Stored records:
╭──

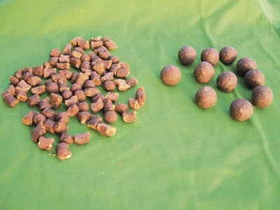 Čo sa týka hotového boilies, tak tu už môžeme vyberať z ponúk viacerých firiem. Najschodnejšou cestou je vyrobiť si miniboilies doma zo svojej obľúbenej zmesi a tekutých atraktorov. Uvediem jeden príklad, ako si výrobu uľahčiť. Vzhľadom na to, že s takýmito malými návnadami nie je možné vnadiť kobrou na dlhšiu vzdialenosť (technikám vnadenia sa budem venovať neskôr), nie je potrebné vôbec vyrábať boilies v tvare guľôčok.
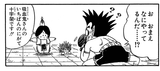 Upa kämpft dann zusammen mit Pual im Uranai Baba's Palace gegen Draculaman . Ihr Gegner mag ein mächtiger Vampir gewesen sein, aber sie schaffen es, mit stinkenden Knoblauchatem und durch Posieren wie Kreuze einen unglaublichen Sieg zu erringen!
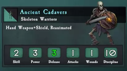技巧与窍门: 分割对手: 亡灵国度的部队通常混合了速度极快和行动迟缓的单位,这使得分割他们的军队变得尤为容易。 蹒跚之主的迅捷但脆弱的恐狼会向前推进,通常能在第二回合就冲入玩家的部署区。远程攻击对它们造成的任何伤害都会极大地削弱其输出能力。它们会冲向射程内最近的可见单位。一旦恐狼移动后,你可以通过移出它们的射程范围,或者让一支纪律值高的单位进行撤退,来拖延它们的冲锋。这种佯退需要有支援单位能够拦截诱饵单位随后可能遭受的后方冲锋,理想情况下是对恐狼发动侧翼冲锋。这两个不死族步兵单位同样容易受到散兵的攻击。它们无法被击溃,因此以近战为核心的军队应同时用两个单位冲锋这些移动缓慢的步兵单位,以避免在长时间交战中受到伤害。这些单位在面对一个以上技能等级3或更高的对手时,很难在第二轮战斗中存活下来。即使是没有升级的单位,通常每回合也会平均损失15个模型中的20%到30%。此外,当它们在一回合战斗中失利时,每回合还会损失1到3个模型。
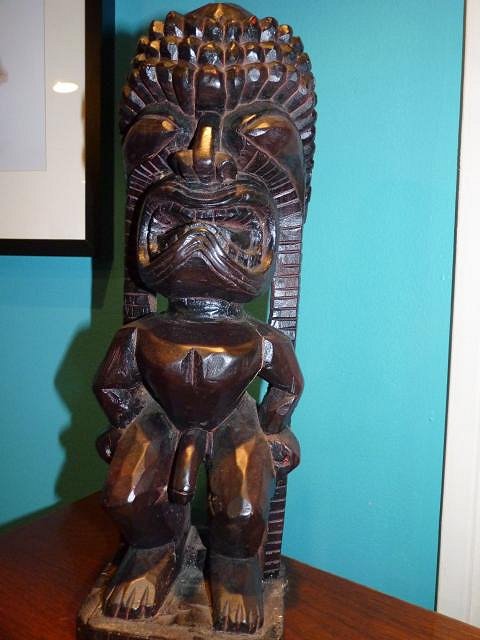 Thank you so much Sabu, that was a lot more info than I expected, and I REALLY appreciate it. He is 15.5" tall. The man at Havaiki in Hanalei said he came from an estate somewhere on Kauai. The deceased mans daughter stopped by Havaiki and said "I hate all this tiki stuff, take it." That's pretty much all the info we got, other than it's from the mid-century. The wood looks pretty old and has some cracks on the back. We don't want Tiki Pete(his new name) to be alone, so we have some books on the way so we can start our research and venture into the wonderful world of tiki collecting. So excited!! Thanks again for your help. julie |
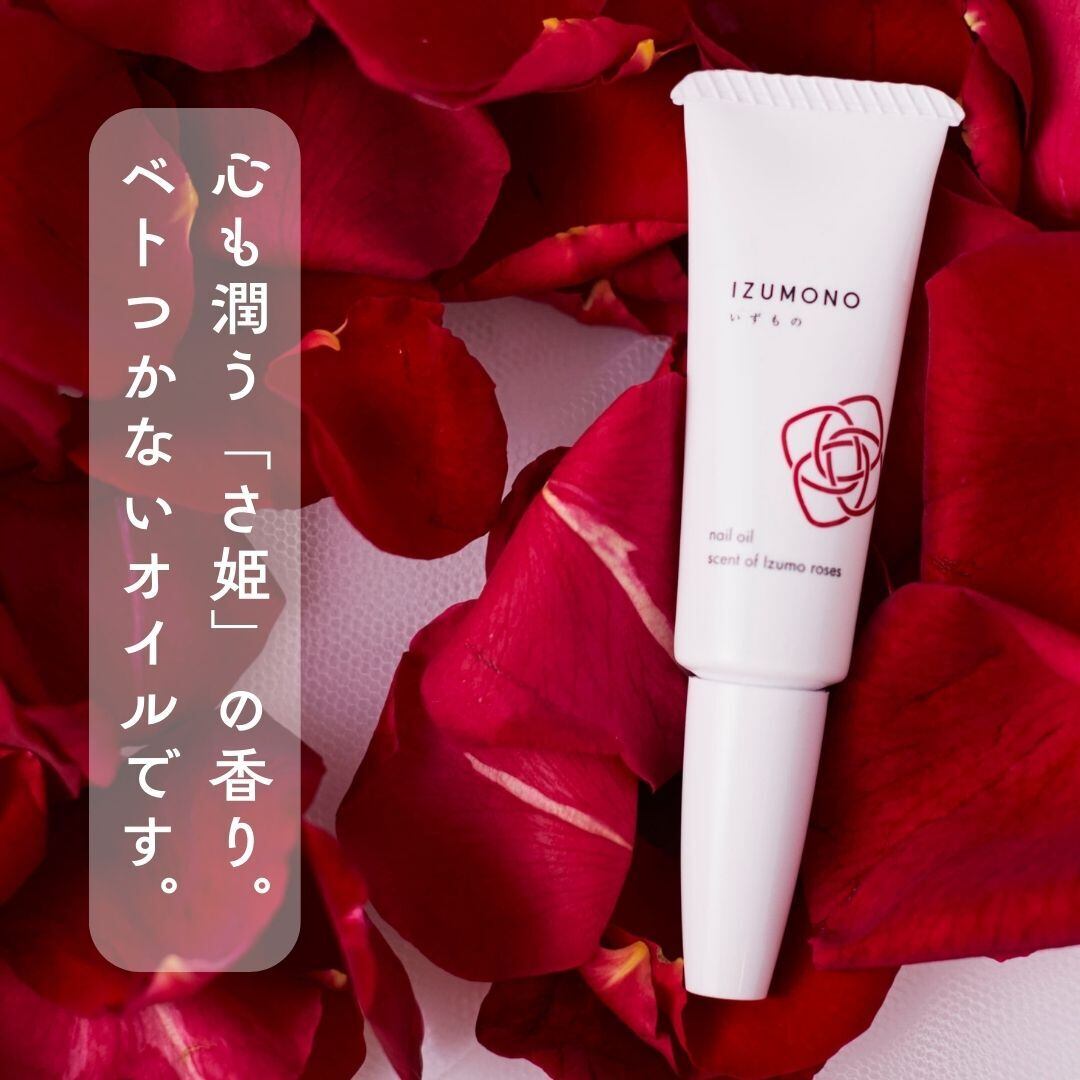出雲にしか咲かない真紅の薔薇「さ姫」。驚くほど大きな花から少しだけ採取できるエキス配合の心地よくお淑やかな香りの大人のネイルオイルです。気になる甘皮のカサカサが驚きのつるつるしっとりに。手がべとつかぬよう、筆タイプで仕上げています。【日本製】
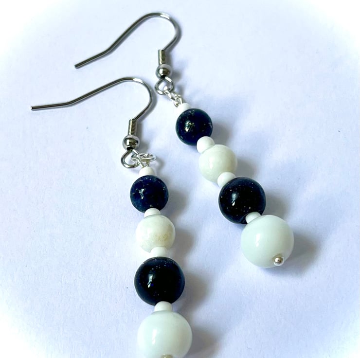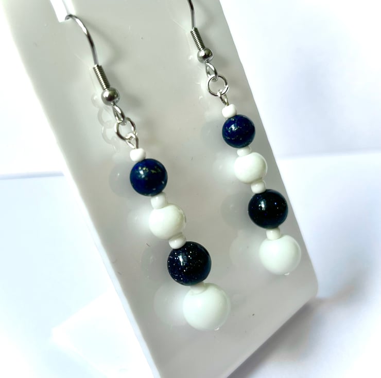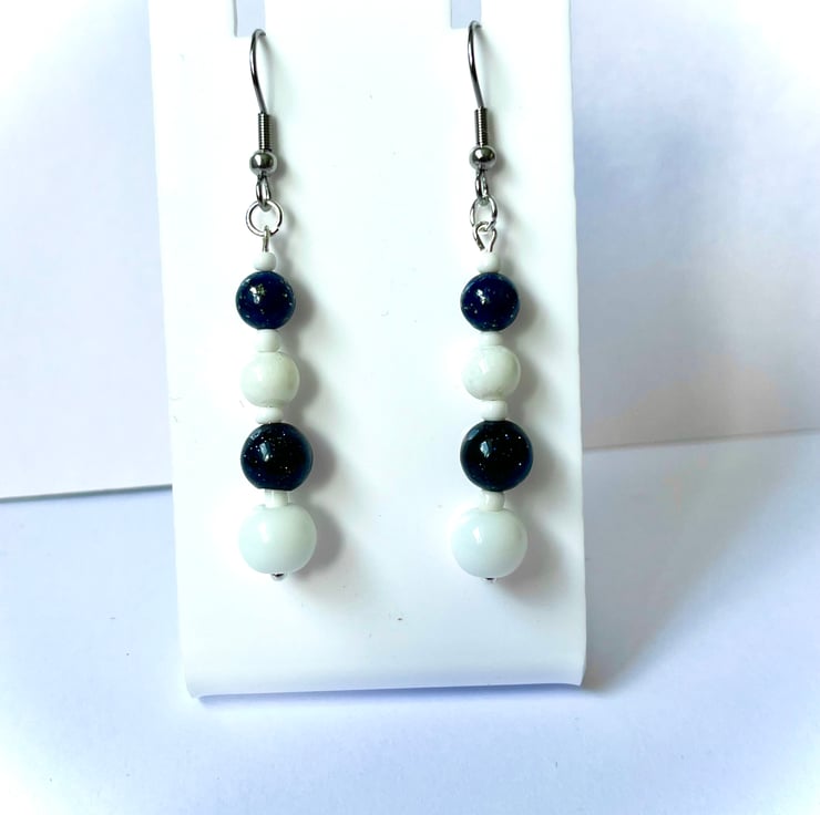 Dangly earrings made using 4 beads reducing in size. White glass beads and dark Navy Blue Goldstone beads on stainless steel ear wires.
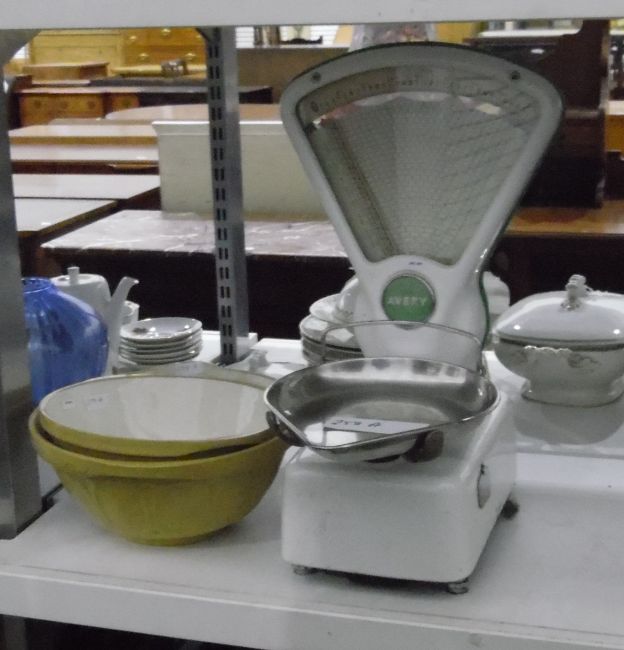 Vintage Avery ceramic weighing scale with stainless steel bowl and two large R G Green mixing bowls
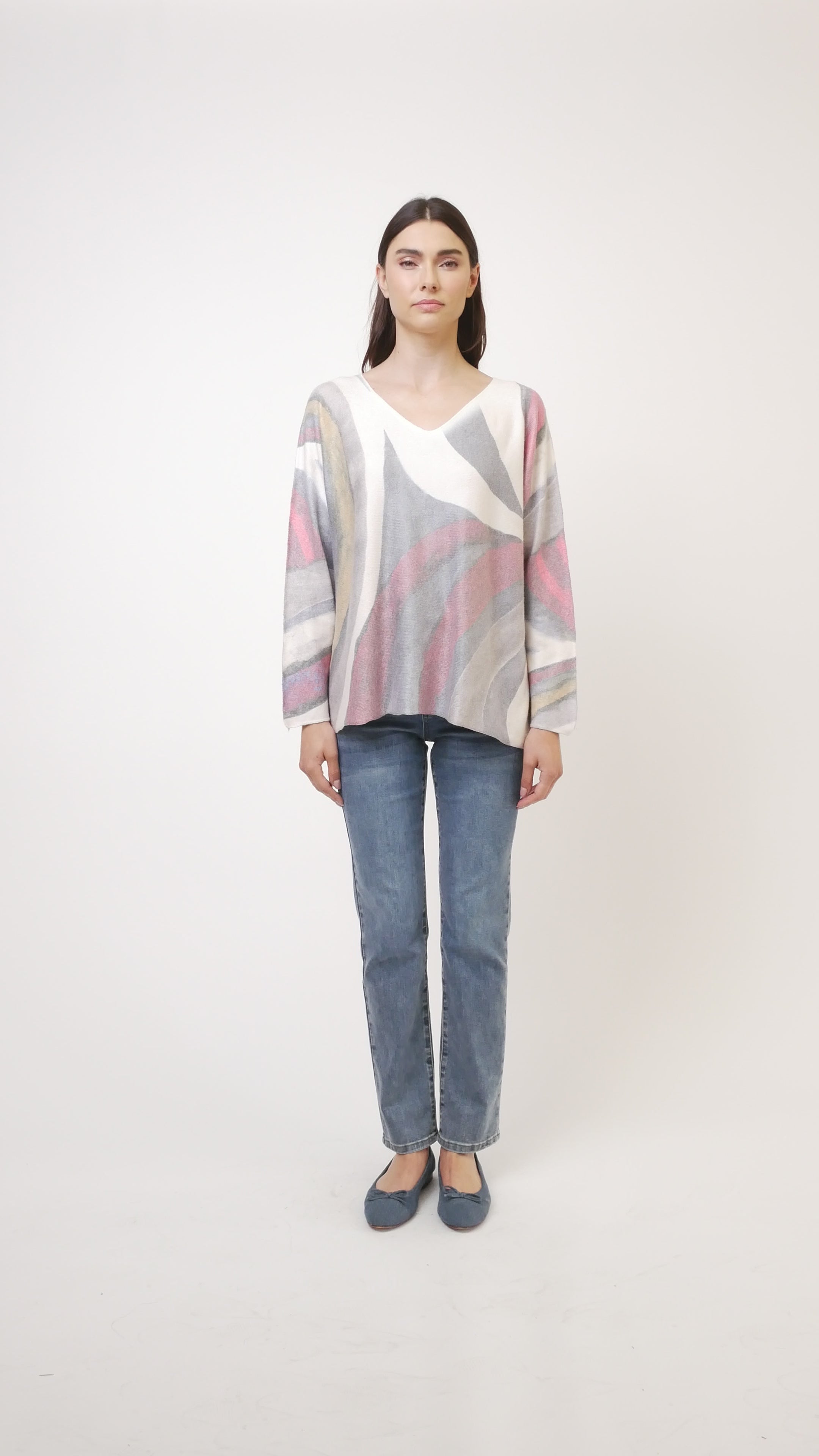 Cozy up in this abstract print sweater featuring a flattering V-neckline and long sleeves. Crafted from soft knit fabric made in Italy, it brings a touch of artful charm and comfort to your wardrobe. Perfect for layering or wearing solo, it’s your new go-to for effortless style with an edge.
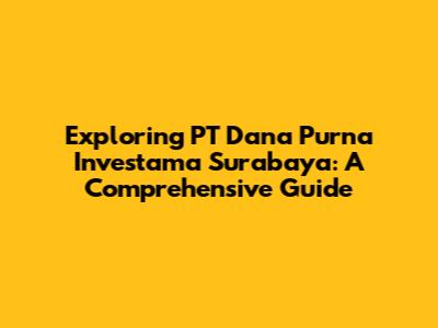Exploring PT Dana Purna Investama Surabaya: A Comprehensive Guide
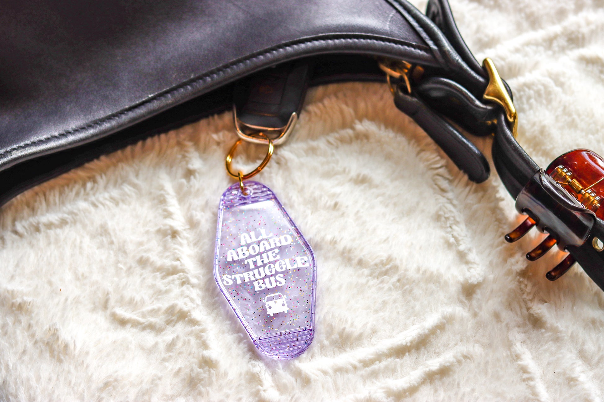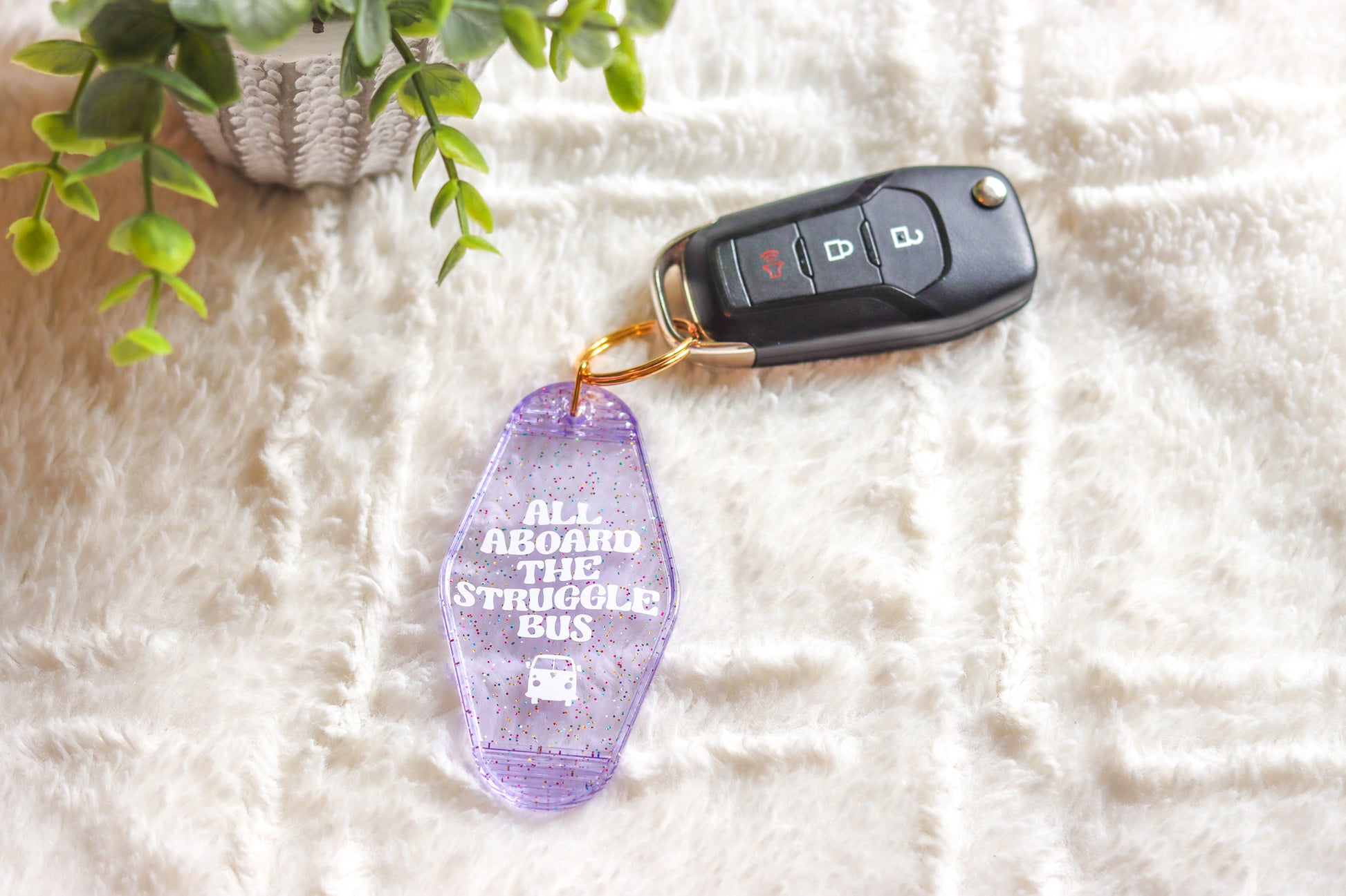 Keychain is a transparent purple with multi color glitter, and white permanent vinyl design.
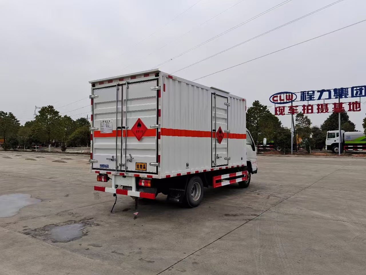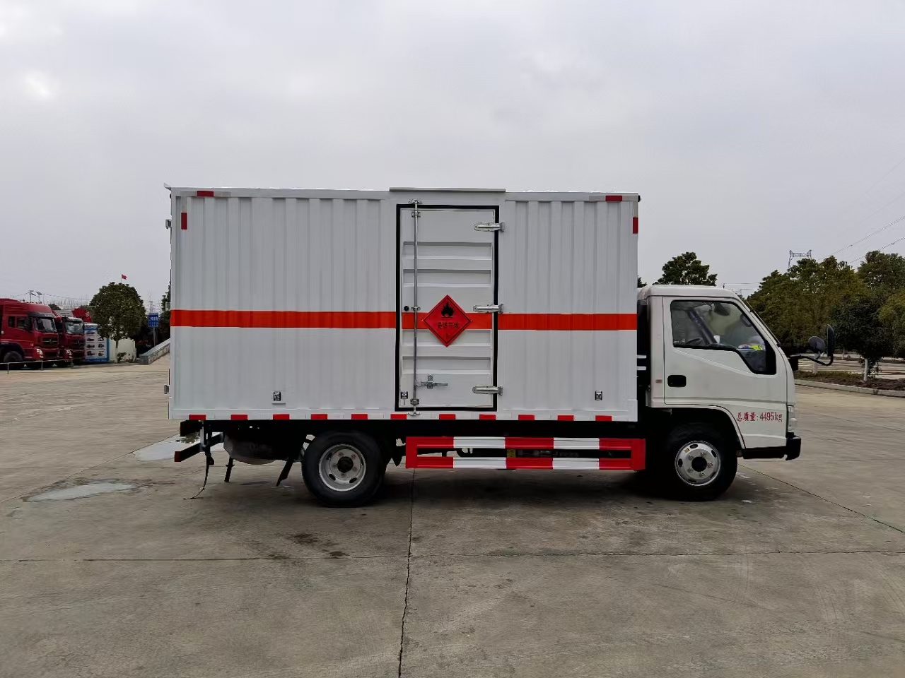 | 貨箱配置 | 廂體為雙層金屬骨架結(jié)構(gòu),外板采用冷軋鋼板,中間填充阻燃泡沫,內(nèi)飾為鋁板。底板為平板上鋪防靜電膠皮。廂內(nèi)兩側(cè)加裝固定貨物臥環(huán),門框帶防盜報警器,頂部帶煙霧報警器,廂體右側(cè)選裝側(cè)門,隨車配2個滅火器,危險標(biāo)志牌,防火帽,危險品三角頂燈。 | ||

╰──

What the answer must hold is the exact text of every line from the one containing "Exploring PT Dana" through the end of the data, minus any pictures.

■ Task solution ■
Exploring PT Dana Purna Investama Surabaya: A Comprehensive Guide
 Keychain is a transparent purple with multi color glitter, and white permanent vinyl design.
 | 貨箱配置 | 廂體為雙層金屬骨架結(jié)構(gòu),外板采用冷軋鋼板,中間填充阻燃泡沫,內(nèi)飾為鋁板。底板為平板上鋪防靜電膠皮。廂內(nèi)兩側(cè)加裝固定貨物臥環(huán),門框帶防盜報警器,頂部帶煙霧報警器,廂體右側(cè)選裝側(cè)門,隨車配2個滅火器,危險標(biāo)志牌,防火帽,危險品三角頂燈。 | ||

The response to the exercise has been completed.